Figure 1 is the spectrum of the luminance signal and color signal, Figure 2 is a block diagram of a conventional FM luminance signal reproducing circuit, and Figure 3 is the spectrum of the luminance signal and color signal.
Figure 4 is a block diagram of a conventional FM luminance signal reproducing circuit including a jitter correction circuit, Figure 4 is a block diagram showing the first embodiment of the present invention, Figure 5 is a VCo mar-f conversion characteristic diagram, Figure 6 FIG. 7 is a block diagram showing a second embodiment of the present invention, and FIGS. 7 and 8 are characteristic diagrams showing an example of characteristics of the USAW filter. 11...High frequency conversion circuit, 12...BPF, 13...

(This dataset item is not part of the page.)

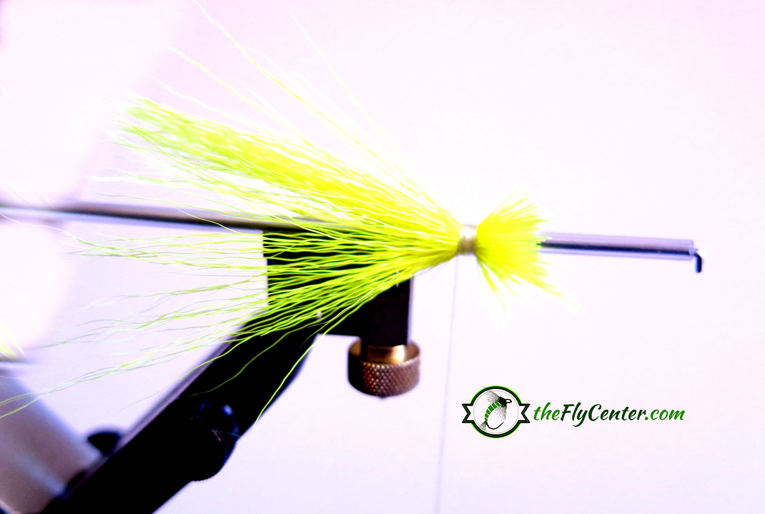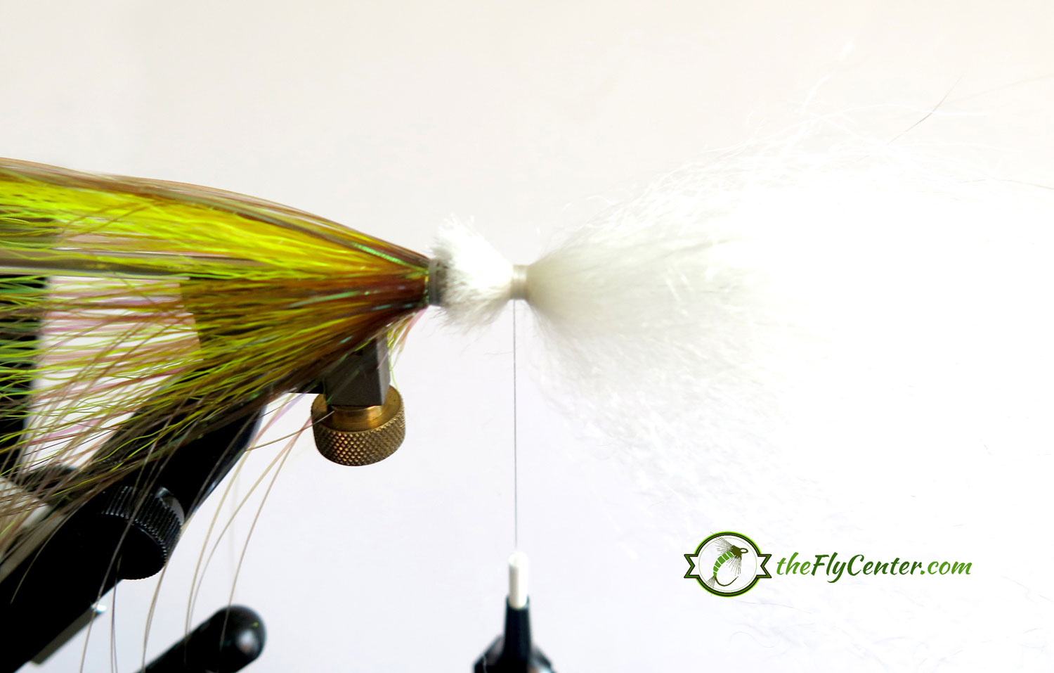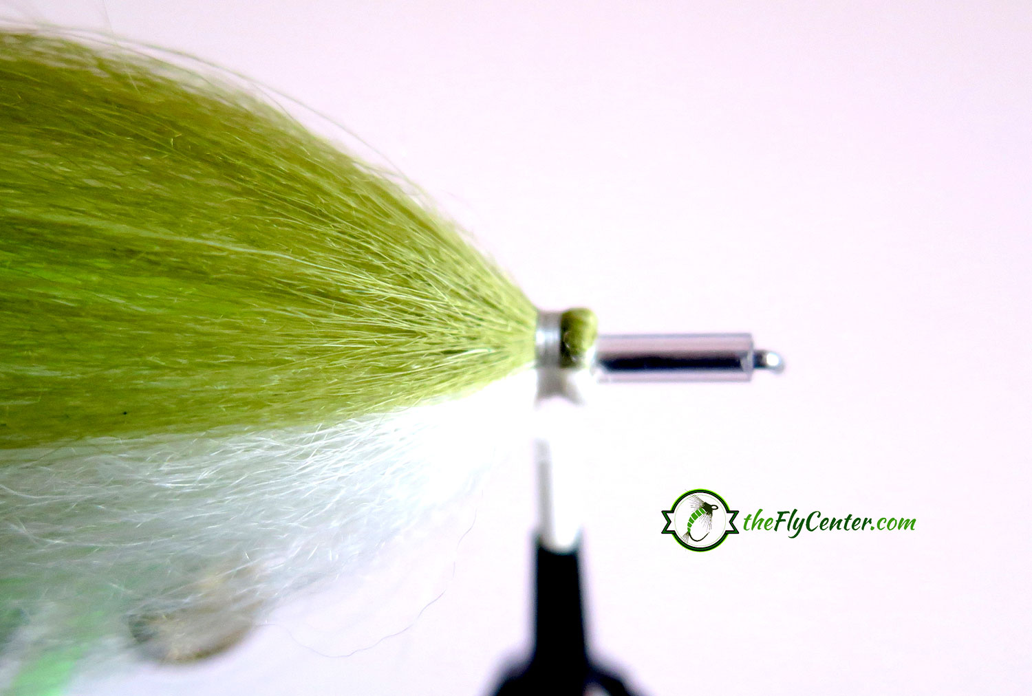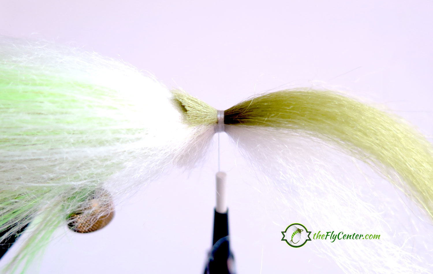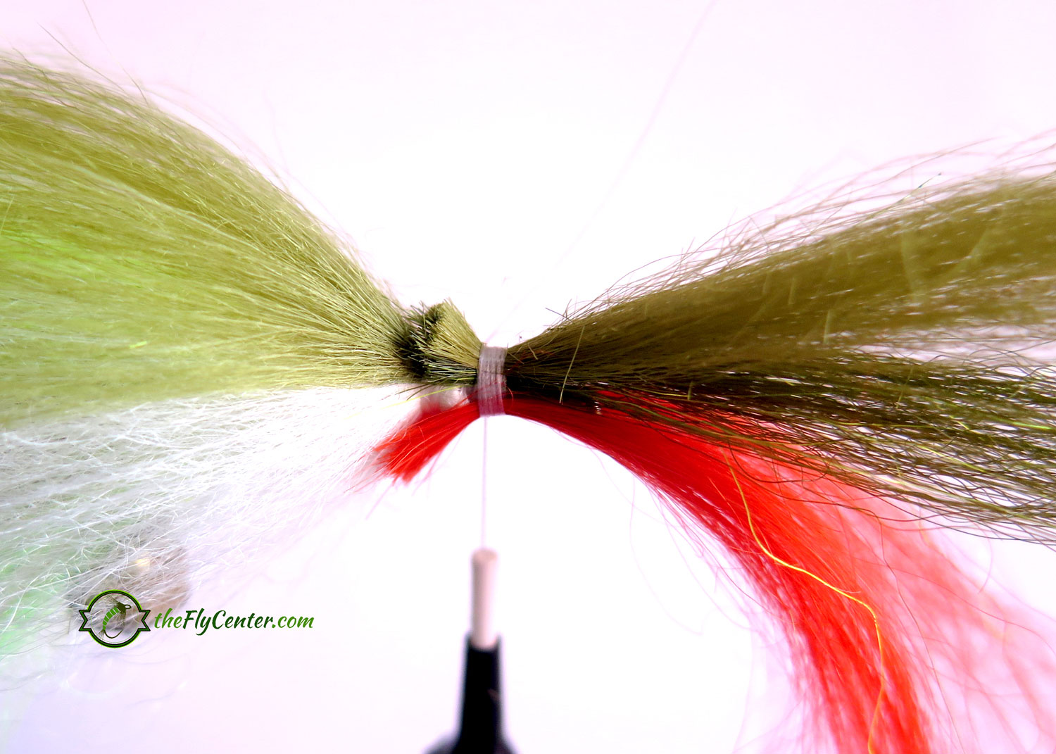 Se colocan las fibras de flash que daran la linea central del señuelo y se realiza el nudo final.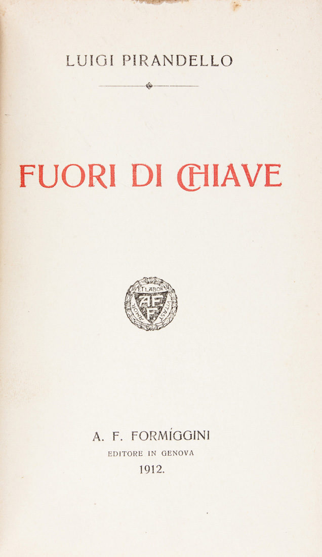 Pirandello Luigi, Fuori di chiave.Genova: Formiggini, 1912.In-6° (mm...

・Reference signal generator, 14... multiplier and frequency divider circuit,
15--Phase comparator, 16-LPF, 17-VC
o. 1B-・-B#:yf circuit, 19・5AWf)i'
F! Time delay, 20...Gain characteristics of SAW Attorney Michihito Hiraki 1st figure 2 if figure 3 figure 4 figure 5 figure 6

Claims (4)

[Claims] (1) In a magnetic reproducing device that reproduces an FM-modulated luminance signal, a means for correcting the frequency characteristics of the reproduced signal, a means for high-frequency conversion of the reproduced signal, a means for demodulating the high-frequency conversion signal, and synchronization from the demodulated signal. A means for separating signals, a means for comparing the phase of the synchronizing signal with a reference signal, a filter for extracting a control voltage from the phase comparison output, and a voltage-controlled oscillator whose oscillation frequency changes depending on the control voltage. Equipped with at least
The oscillation frequency of the voltage controlled oscillator is used to convert the reproduced signal to a high frequency, and feedback control is applied so that the oscillation frequency of the voltage controlled oscillator has the same jitter component as the reproduced signal. A magnetic reproducing device characterized by: (2) The frequency of the reproduced signal is fY1, the oscillation frequency of the voltage controller oscillator is f, and the demodulation means (f+fY
), when the frequency fY of the reproduced signal increases (or decreases) due to disturbance etc., control is applied to prevent the oscillation frequency of the voltage controlled oscillator from decreasing (or increasing). 1. A magnetic reproducing device according to Patent No. 1, characterized in that: (3) The frequency of the reproduced signal is fY1, the oscillation frequency of the voltage-controlled oscillator is f, and the demodulation means (f-fY
), when the frequency fY of the reproduced signal increases (or decreases) due to disturbance etc., control is performed so that the oscillation frequency of the voltage controlled oscillator increases (or decreases). 2. The magnetic reproducing device according to claim 1, wherein the magnetic reproducing device is configured such that the magnetic reproducing device has a magnetic reproducing device. (4) The magnetic reproducing apparatus according to claim 1, wherein the frequency characteristics of the reproduced signal are corrected using a surface acoustic wave filter after the Takagi transformation.